A raccontarci in prima persona l’esperienza di questa devastante gara torna il nostro coraggioso blogger El Gae.
“Tu l’hai già mangiata la minestrina?”
La signora me lo chiede con quel garbo misto a rimprovero tipico delle madri; solo che non è mia madre ma una delle volontarie che al ristoro di Pian delle Fugazze assistono i trail runner che scendono dal rifugio Papa, dopo quaranta km affrontati di notte.

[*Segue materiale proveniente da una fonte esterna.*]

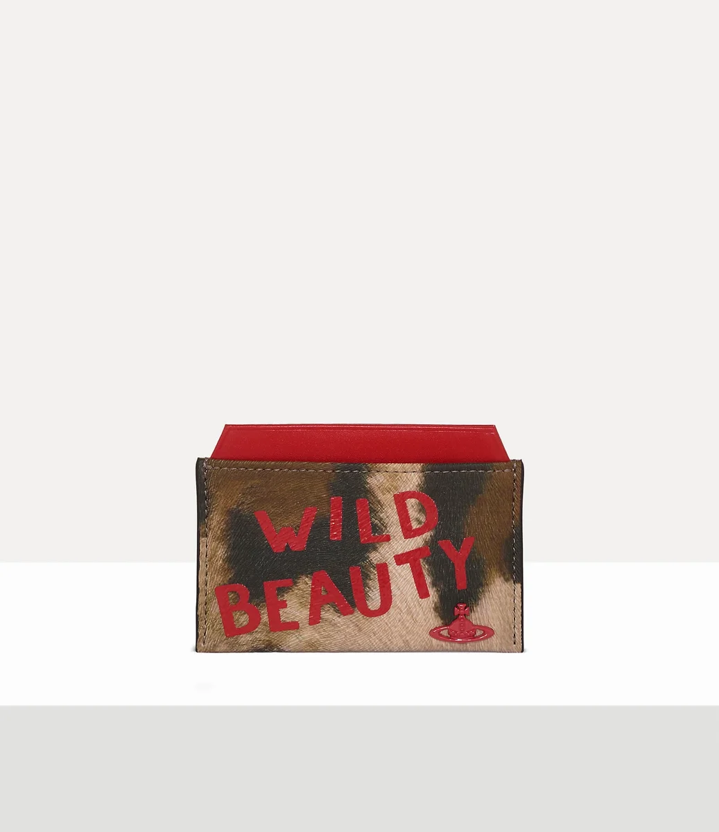 Nuestro tarjetero plano está adornado con un atrevido motivo de estampado de leopardo, que recuerda a la colección Gold Label Otoño-Invierno 2001 de la casa, «Wild Beauty». Acabado con letras rojas en la parte delantera, la pieza está decorada con el característico motivo de esfera en bajorrelieve.

Sono sfatto, i bastoncini appoggiati al palo del gazebo, la maglia sporca appallottolata alla bell’e meglio nello zaino che ora fatica a chiudersi e le gambe che non rispondono ai comandi, non ai miei, per lo meno.

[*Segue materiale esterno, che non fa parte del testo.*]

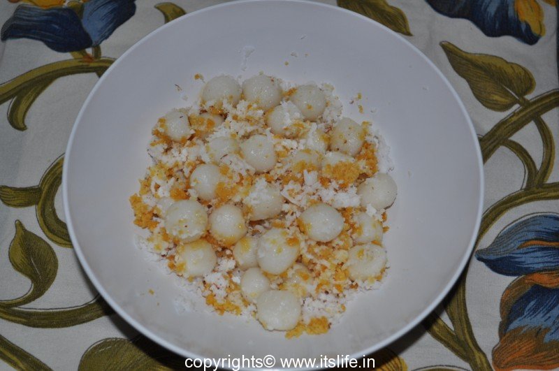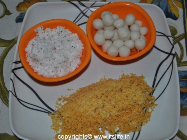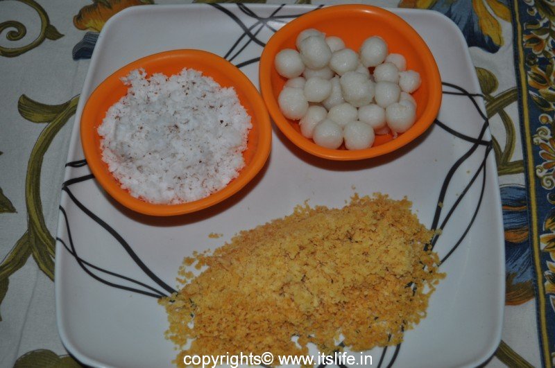 In a bowl mix the steamed rice balls, Jaggery, and Coconut.

C’ero anche io venerdì sera a Piovene Rocchette tra i 350 partenti della sesta edizione della Trans D’Havet e non ci sarò, purtroppo, tra gli irriducibili che tra le 10 e le 23 di sabato sono arrivati a Valdagno, completando così in “soli” 80 km il periplo completo delle Piccole Dolomiti, fermato da un fisico che, a differenza dello scorso anno, proprio non ne ha voluto sapere di proseguire oltre metà della gara.

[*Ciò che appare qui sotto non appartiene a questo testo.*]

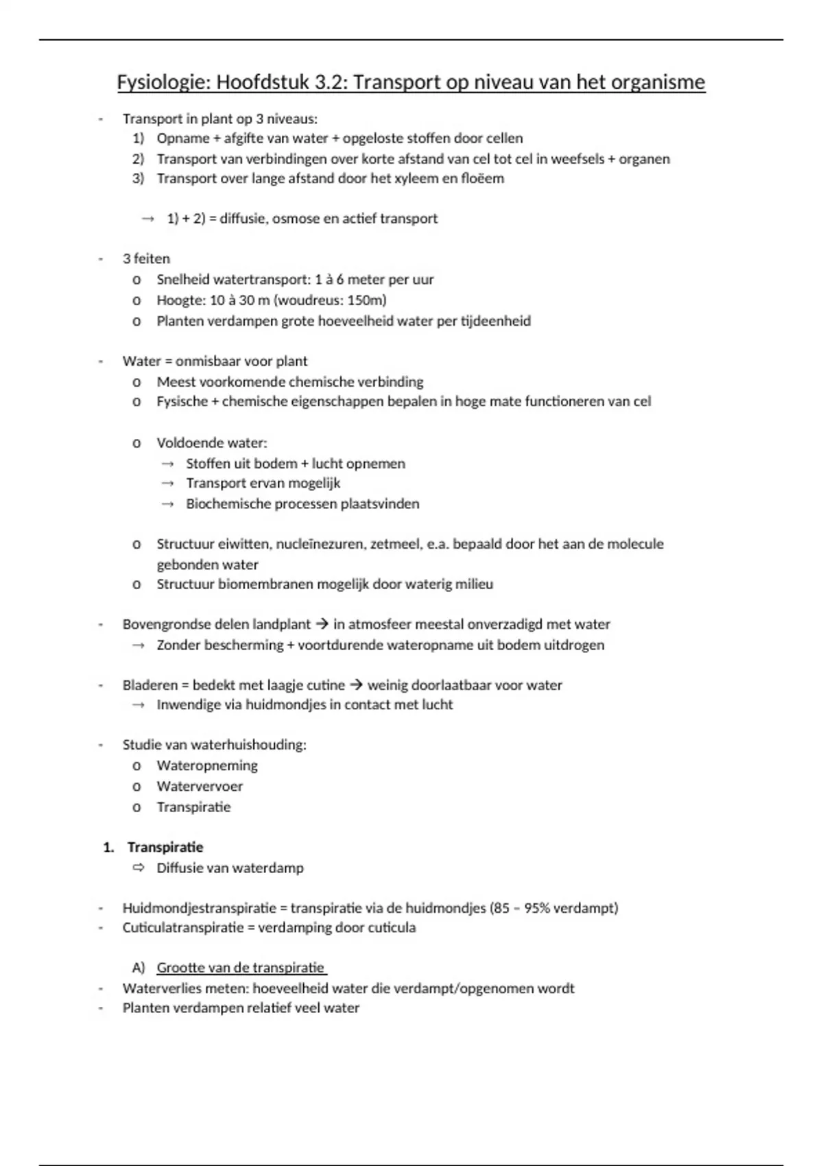 - Transport in plant op 3 niveaus:

Eppure lì, al Pian delle Fugazze, nell’ora di attesa che divide il mio claudicante arrivo fino alla partenza della navetta che mi deve riportare a Valdagno, riesco ad apprezzare una cosa che non avevo mai notato nelle due partecipazioni precedenti: tutto quello che gira attorno alla corsa si diverte tanto quanto chi corre.
E’ lì che capisco le persone che incitano per le strada di Piovene, le signore di una certa età che su all’Angelo, ancora in piedi all’una di notte, sono lì ad aspettare gli ultimi e gridare “dai, bravissimi” anche se siamo in fondo al gruppo e anche se siamo appena partiti e di bravura, fino a quel momento, ce n’è voluta davvero poca. E lì trovo il senso degli alpini, uno anche con la moglie, che sulle Creste del Summano fanno luce con la pila nei passaggi più difficili, che la festa non venga rovinata da un qualsiasi infortunio. E poi su, in Busa Novegno, dove alle quattro di mattina ci sono due bimbi che avranno l’età dei miei, sette, otto anni, e quel che possono danno una mano versando coca cola e passando fette di crostata. E non penso “che pazzi i loro genitori”, no, perché a questi bambini stanno insegnando una delle cose più importanti: il servizio reso come se fosse una festa.
Per non parlare dei tanti punti di pronto soccorso, sempre pronti alla battuta e con l’occhio attento a valutare le gambe di qualche bella concorrente, se altro di più serio, per fortuna, non c’è da fare. Perfino sul Monte Alba, così poco affascinante e scarsamente evocativo, c’è qualcuno che incita ed indica la via, mentre fa colazione a rosso e soppressa sul bagagliaio di una Panda. E poi nelle 52 gallerie, a lasciarsi baciare da un sole appena sorto c’è il soccorso alpino, quelli con l’attrezzatura che solo a vederla ti vien da dire “occhio tosi, che qui se cadete sono cavoli amari”.
La Trans D’Havet è questa, una moltitudine di persone che si passa la notte in bianco per la sola voglia di esserne parte, per condividere del tempo con gli amici, per dar di gomito al compare quando passa una bella ragazza, per il gossip con la comare mentre si aspetta sotto al tendone del ristoro senza mai venir meno all’incitamento, al saluto e all’efficienza della mansione svolta.
E senza mai far confronti tra i primi e gli ultimi e senza mai mostrar uno sguardo che ti faccia intuire che di te pensano che sei una mezza sega, che quelli forti son passati cinque ore fa e che tu potevi anche startene a casa. Per loro siamo tutti forti e chi si ferma è semplicemente qualcuno che ci potrà riprovare l’anno prossimo.
“Signora, la minestra è buonissima”
“Grazie giovanotto, el se senta che nol ga mia na bea siera, ghin vorlo ancora?”